(Items from a dataset)
┄┄┄┄┄┄┄┄┄┄┄┄┄┄┄┄┄┄┄┄

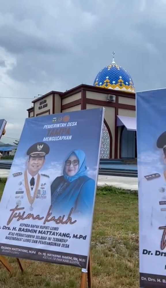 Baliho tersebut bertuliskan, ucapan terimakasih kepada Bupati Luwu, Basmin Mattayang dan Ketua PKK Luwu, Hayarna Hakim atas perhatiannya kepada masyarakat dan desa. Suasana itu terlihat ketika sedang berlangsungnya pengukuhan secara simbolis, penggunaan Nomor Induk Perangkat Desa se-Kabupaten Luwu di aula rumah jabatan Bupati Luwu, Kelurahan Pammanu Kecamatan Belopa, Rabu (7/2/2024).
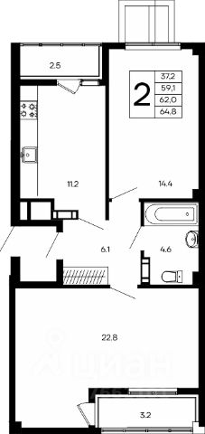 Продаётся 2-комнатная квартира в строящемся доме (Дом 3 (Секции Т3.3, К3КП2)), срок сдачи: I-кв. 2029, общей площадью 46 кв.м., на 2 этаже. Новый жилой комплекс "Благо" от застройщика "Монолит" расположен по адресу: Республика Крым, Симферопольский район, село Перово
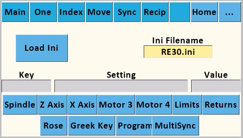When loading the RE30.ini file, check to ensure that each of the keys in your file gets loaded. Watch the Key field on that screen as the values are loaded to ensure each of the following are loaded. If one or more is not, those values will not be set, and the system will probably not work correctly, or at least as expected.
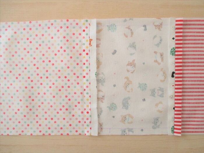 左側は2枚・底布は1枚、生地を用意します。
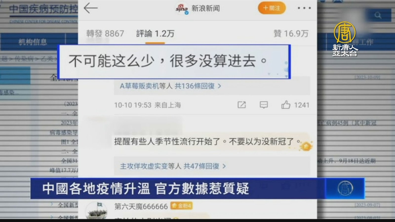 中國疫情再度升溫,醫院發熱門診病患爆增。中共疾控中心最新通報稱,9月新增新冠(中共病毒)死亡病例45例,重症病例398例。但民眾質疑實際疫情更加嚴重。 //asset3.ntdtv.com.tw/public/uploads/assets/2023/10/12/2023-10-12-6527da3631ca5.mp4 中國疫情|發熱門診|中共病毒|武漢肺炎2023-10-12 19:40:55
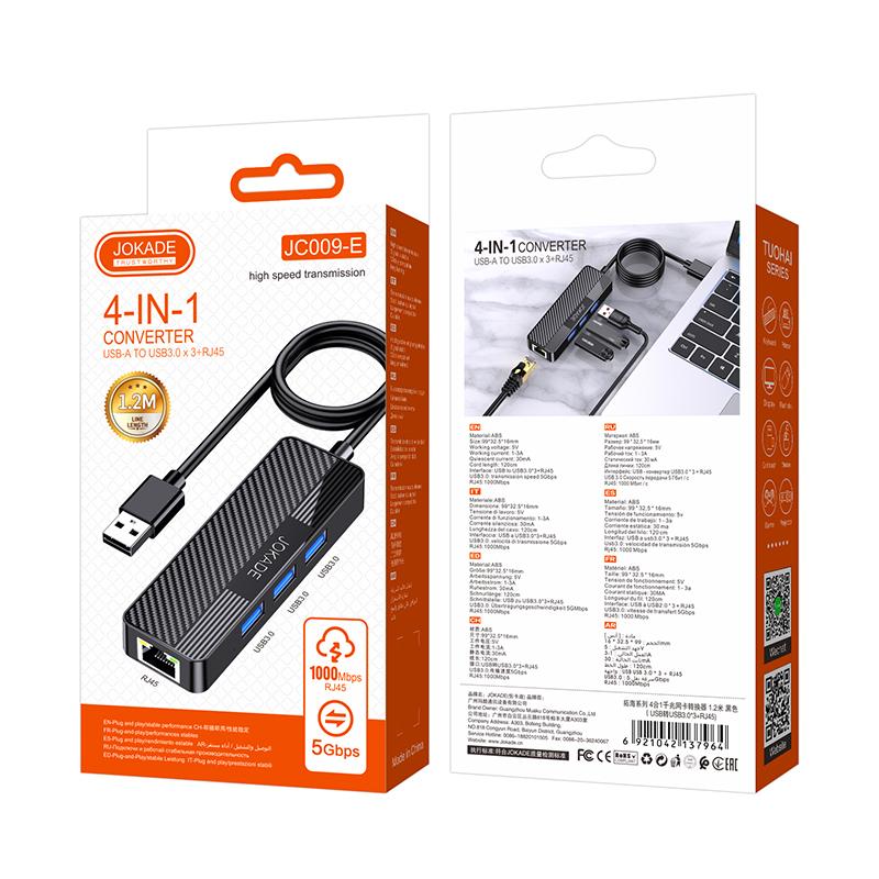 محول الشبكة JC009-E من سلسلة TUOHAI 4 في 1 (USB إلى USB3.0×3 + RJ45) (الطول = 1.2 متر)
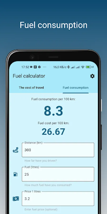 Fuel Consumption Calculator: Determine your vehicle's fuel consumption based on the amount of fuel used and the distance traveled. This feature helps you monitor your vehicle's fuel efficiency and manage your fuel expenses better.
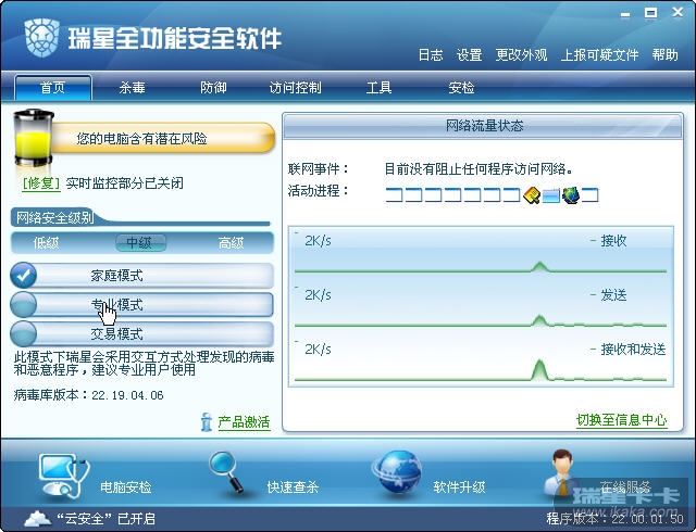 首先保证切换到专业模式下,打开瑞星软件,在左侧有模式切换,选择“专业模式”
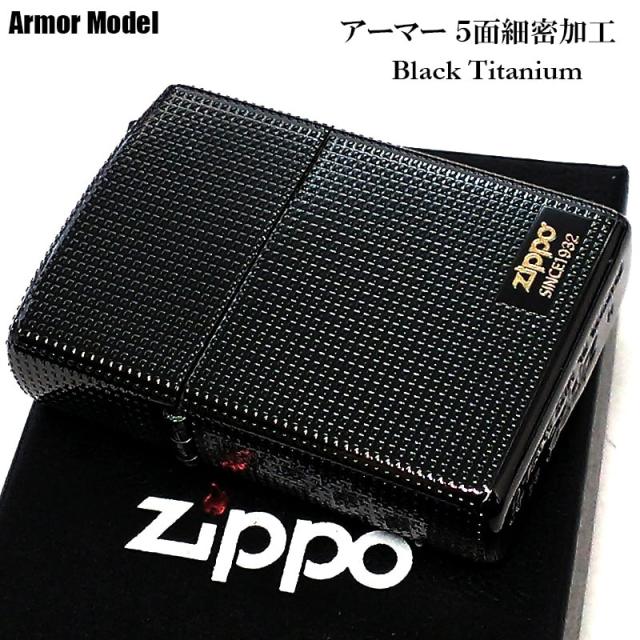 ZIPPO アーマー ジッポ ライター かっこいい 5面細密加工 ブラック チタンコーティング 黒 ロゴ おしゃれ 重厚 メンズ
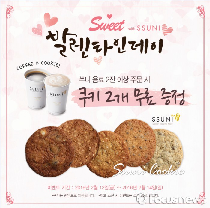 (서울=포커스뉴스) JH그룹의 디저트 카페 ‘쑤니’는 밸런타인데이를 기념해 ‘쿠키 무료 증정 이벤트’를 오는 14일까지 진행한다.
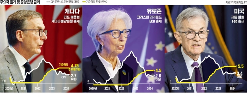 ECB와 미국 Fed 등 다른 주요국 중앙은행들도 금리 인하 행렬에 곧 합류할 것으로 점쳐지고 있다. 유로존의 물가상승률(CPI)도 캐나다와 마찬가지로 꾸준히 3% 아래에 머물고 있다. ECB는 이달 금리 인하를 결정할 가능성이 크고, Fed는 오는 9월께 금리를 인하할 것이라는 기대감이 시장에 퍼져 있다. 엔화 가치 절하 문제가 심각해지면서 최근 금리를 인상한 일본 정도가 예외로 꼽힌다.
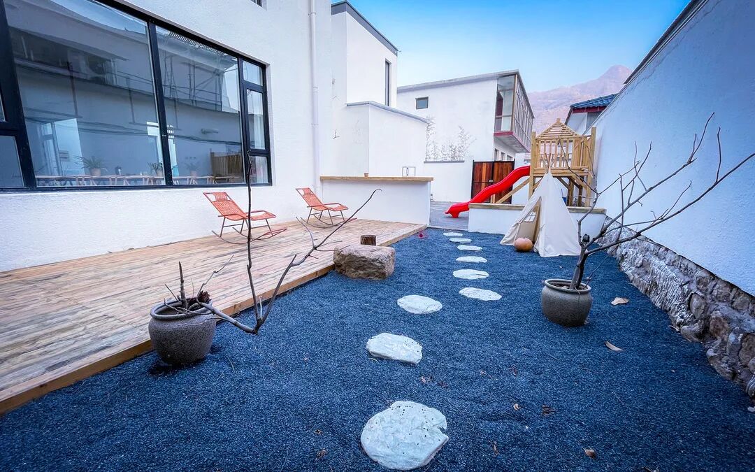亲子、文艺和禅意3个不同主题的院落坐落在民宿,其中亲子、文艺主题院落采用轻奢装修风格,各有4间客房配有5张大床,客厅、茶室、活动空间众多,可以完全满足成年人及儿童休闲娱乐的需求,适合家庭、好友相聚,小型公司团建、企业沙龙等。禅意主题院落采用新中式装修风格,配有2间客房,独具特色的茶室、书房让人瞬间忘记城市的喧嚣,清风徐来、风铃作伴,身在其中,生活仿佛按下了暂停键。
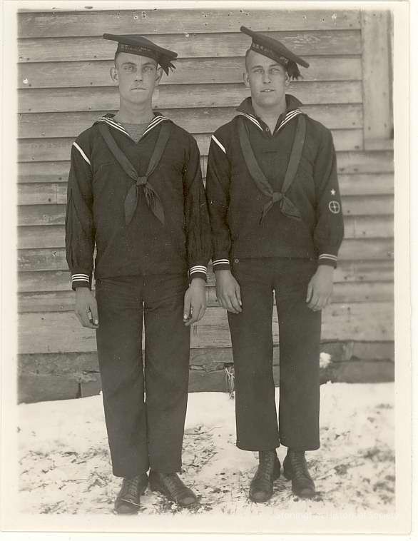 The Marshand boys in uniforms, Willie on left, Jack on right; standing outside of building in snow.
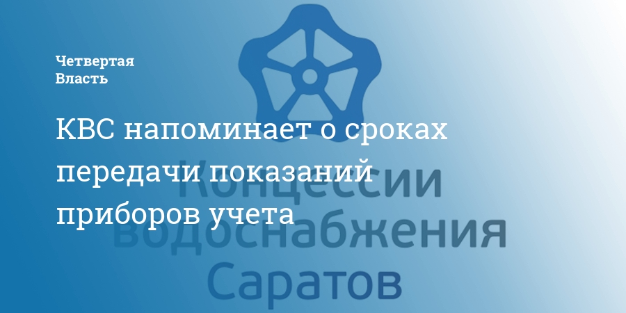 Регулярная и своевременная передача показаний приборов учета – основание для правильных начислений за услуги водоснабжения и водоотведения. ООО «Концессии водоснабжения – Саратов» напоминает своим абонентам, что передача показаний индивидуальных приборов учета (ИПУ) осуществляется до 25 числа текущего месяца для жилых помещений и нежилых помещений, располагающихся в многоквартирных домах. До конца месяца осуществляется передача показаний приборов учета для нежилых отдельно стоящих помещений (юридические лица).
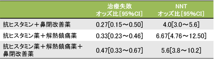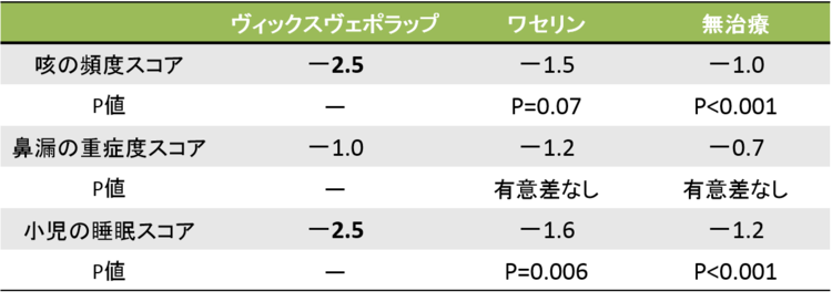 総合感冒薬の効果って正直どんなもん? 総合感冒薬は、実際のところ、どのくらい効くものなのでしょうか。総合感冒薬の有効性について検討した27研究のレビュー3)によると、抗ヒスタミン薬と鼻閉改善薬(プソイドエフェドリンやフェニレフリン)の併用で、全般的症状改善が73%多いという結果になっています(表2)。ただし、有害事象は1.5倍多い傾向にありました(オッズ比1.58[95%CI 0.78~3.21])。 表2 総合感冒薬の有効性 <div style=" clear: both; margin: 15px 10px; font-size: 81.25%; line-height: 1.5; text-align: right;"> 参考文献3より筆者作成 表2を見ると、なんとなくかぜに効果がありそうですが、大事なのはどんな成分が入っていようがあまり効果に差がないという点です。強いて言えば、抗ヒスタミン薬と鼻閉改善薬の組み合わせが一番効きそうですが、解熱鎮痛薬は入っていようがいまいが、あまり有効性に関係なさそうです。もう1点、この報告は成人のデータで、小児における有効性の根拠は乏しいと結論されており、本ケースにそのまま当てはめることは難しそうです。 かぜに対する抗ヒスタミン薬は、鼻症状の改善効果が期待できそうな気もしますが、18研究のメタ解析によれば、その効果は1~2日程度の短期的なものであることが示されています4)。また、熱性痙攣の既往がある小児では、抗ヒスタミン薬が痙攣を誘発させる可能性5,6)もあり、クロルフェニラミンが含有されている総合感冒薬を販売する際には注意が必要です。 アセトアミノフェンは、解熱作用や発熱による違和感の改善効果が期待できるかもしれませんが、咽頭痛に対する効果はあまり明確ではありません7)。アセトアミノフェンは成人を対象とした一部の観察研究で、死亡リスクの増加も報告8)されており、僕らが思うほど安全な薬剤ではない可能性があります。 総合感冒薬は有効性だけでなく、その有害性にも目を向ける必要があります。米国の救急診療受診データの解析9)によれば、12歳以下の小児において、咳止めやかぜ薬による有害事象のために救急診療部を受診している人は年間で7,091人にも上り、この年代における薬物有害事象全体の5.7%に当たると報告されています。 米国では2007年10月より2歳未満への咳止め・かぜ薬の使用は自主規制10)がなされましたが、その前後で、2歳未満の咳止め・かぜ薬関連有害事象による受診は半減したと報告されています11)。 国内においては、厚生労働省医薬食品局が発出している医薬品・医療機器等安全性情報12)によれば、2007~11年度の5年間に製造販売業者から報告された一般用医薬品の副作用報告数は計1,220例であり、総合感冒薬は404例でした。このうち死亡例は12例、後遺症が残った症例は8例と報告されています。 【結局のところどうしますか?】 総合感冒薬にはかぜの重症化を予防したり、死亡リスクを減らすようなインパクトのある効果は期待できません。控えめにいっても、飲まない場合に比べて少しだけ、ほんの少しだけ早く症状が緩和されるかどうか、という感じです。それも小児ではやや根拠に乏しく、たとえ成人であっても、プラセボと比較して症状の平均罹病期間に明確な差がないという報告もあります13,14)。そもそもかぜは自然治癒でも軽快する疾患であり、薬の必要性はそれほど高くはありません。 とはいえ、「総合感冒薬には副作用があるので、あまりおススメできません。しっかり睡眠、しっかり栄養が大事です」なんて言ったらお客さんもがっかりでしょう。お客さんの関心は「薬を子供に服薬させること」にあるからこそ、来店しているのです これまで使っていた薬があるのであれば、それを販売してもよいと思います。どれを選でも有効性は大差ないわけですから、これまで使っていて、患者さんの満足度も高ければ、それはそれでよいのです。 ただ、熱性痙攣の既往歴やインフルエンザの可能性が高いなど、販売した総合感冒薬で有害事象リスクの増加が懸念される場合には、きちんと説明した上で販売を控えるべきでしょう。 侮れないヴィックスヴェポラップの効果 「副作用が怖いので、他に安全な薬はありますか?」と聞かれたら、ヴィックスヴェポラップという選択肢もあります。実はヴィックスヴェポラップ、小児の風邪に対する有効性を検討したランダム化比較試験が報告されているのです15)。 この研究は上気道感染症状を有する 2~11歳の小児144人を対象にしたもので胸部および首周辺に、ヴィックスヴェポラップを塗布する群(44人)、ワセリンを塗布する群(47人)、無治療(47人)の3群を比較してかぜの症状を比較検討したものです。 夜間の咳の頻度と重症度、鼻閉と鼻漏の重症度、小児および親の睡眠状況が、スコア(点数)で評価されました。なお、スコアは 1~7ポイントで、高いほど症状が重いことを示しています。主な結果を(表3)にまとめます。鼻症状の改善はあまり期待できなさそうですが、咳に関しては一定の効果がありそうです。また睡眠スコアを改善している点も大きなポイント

┄┄┄┄┄┄┄┄┄┄┄┄┄┄┄┄┄┄┄┄

Task instructions →
Transcribe the lines above exactly, beginning at the one with "Fuel Consumption Calculator: Determine" and ending at the one with "ZIPPO アーマー ジッポ". Include both; exclude the pictures.

Reply to the task →
 Fuel Consumption Calculator: Determine your vehicle's fuel consumption based on the amount of fuel used and the distance traveled. This feature helps you monitor your vehicle's fuel efficiency and manage your fuel expenses better.
 首先保证切换到专业模式下,打开瑞星软件,在左侧有模式切换,选择“专业模式”
 ZIPPO アーマー ジッポ ライター かっこいい 5面細密加工 ブラック チタンコーティング 黒 ロゴ おしゃれ 重厚 メンズ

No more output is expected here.